> DATA BLOCK:
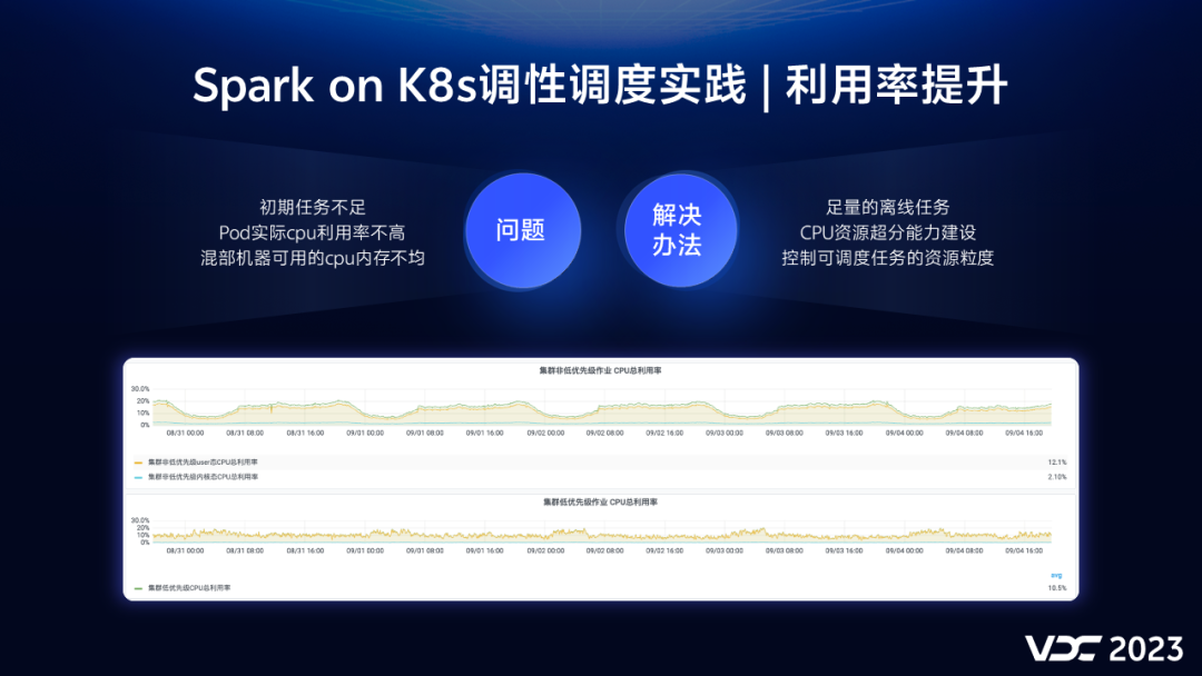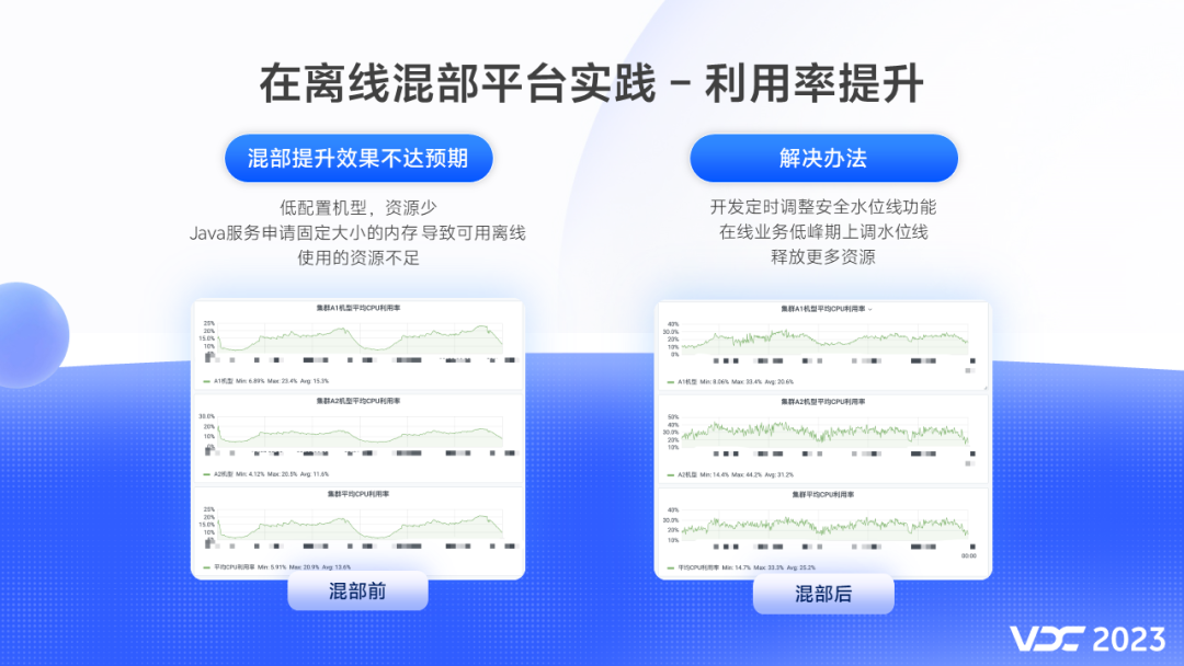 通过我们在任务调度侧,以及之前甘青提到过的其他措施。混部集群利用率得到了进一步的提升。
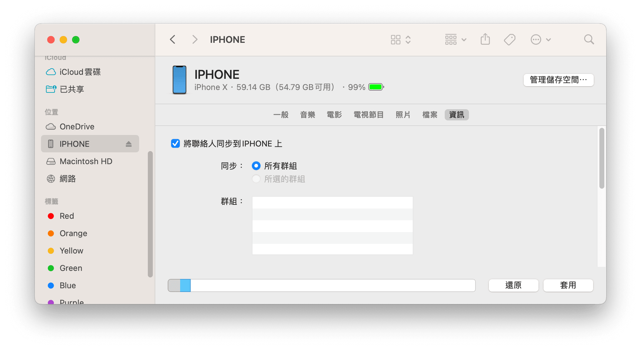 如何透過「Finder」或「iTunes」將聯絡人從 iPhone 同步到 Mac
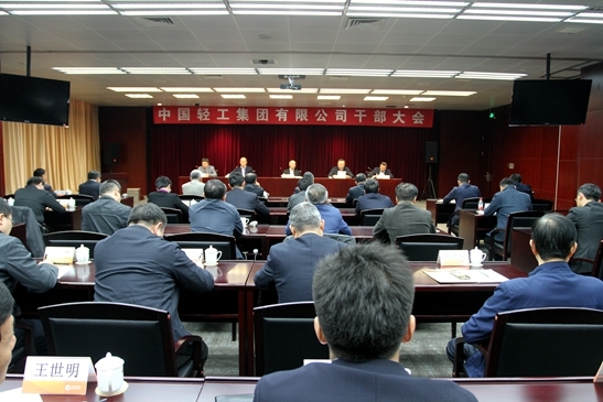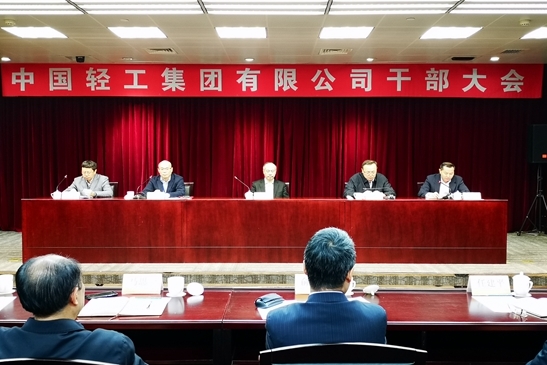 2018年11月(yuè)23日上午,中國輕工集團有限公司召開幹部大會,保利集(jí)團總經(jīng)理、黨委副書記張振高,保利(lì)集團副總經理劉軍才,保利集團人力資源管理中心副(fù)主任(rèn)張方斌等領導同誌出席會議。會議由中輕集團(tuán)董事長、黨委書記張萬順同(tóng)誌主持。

> EXERCISE: Copy exactly, please, the lines that run from the line holding "如何透過「Finder」或「iTunes」將聯絡人從 iPhone 同步到 Mac" through the closing line of the material above, omitting every picture.

> EXPECTED OUTPUT:
 如何透過「Finder」或「iTunes」將聯絡人從 iPhone 同步到 Mac
 2018年11月(yuè)23日上午,中國輕工集團有限公司召開幹部大會,保利集(jí)團總經(jīng)理、黨委副書記張振高,保利(lì)集團副總經理劉軍才,保利集團人力資源管理中心副(fù)主任(rèn)張方斌等領導同誌出席會議。會議由中輕集團(tuán)董事長、黨委書記張萬順同(tóng)誌主持。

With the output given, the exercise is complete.